Article 3(3) of the REACH
Regulation defines an article as “an object which during production is given a
special shape, surface or design which determines its function to a greater
degree that does its chemical composition.” The Regulation, however, does not
specifically address the situation of complex articles (articles produced by
assembling other articles), i.e., most products
marketed in the EU/EEA. The Commission, ECHA and a majority of Member States
took the position that
the 0.1% concentration threshold should be measured on the basis of the whole
article (e.g., a computer). In contrast, France, Belgium,
Germany and other Member States took the view that the concentration threshold
should be measured on the basis of each of the articles (e.g., components of a computer) composing the complex
article.
The Decision
The CJEU’s decision was in
response to a reference for a preliminary ruling from the French Conseil d’État in the context of proceedings
brought by French Federation of Businesses in the Trade and Distribution Sector
and the Federation of DIY and Home Improvement Shops. The proceedings concerned
the validity of a Notice of the French Ministry of Environment on the duty to
communicate information on substances contained in articles in accordance with
Articles 7(2) and 33 of the REACH Regulation. That Notice expressed the French
view that the concentration limits should be measured on the basis of each of
the articles composing a complex article.
Clearly influenced by the REACH Regulation’s objective to achieve a high
level of protection of human health and the environment, the CJEU’s decision
sides with the most restrictive interpretation and does not give much weight to
proportionality and international trade concerns. The Court takes the view that
under REACH an article “does not cease to be an article when it is assembled or
joined with other objects in order to form with them a complex product.”
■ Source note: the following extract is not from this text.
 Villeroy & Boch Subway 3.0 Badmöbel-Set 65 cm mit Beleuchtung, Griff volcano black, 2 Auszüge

According to the CJEU, an article remains an article “so as long as it retains
its shape, surface or design which is more decisive for its function than its
chemical composition or as long as it does not become waste.”
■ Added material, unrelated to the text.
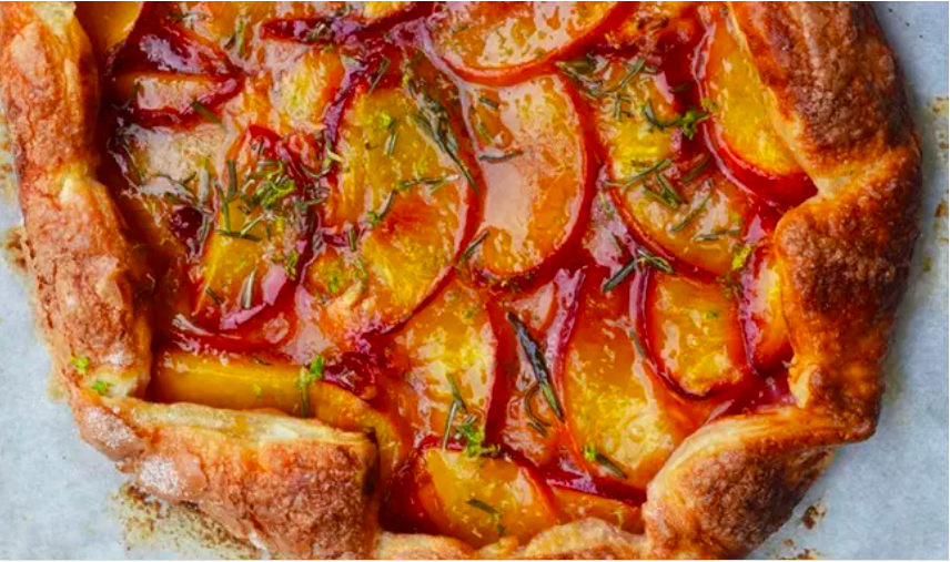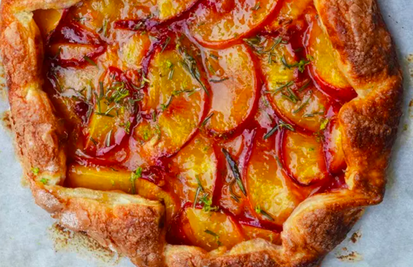 While the galette is baking, whisk the cornflour into the reserved peach syrup. Simmer over a medium-high heat until it thickens to the consistency of honey (about two minutes), then pour over the peaches. Sprinkle the rosemary leaves on top and return the galette to the oven for 15 minutes, until the pastry is golden-brown and the filling bubbling.

However, the CJEU distinguishes between the Article 7(2) notification
obligations that apply to producers and importers of articles and the Article
33 information obligations that apply to suppliers of articles. On that basis, the
Court allocates different obligations to the different operators taking into
account the REACH Regulation’s objective of a high level of human health and
environment protection, and its principles of industry (producer)
responsibility and substitution:
Article
7(2) of the REACH Regulation
·
EU/EEA producers must notify
ECHA only of the presence of Candidate List substances in “their” articles.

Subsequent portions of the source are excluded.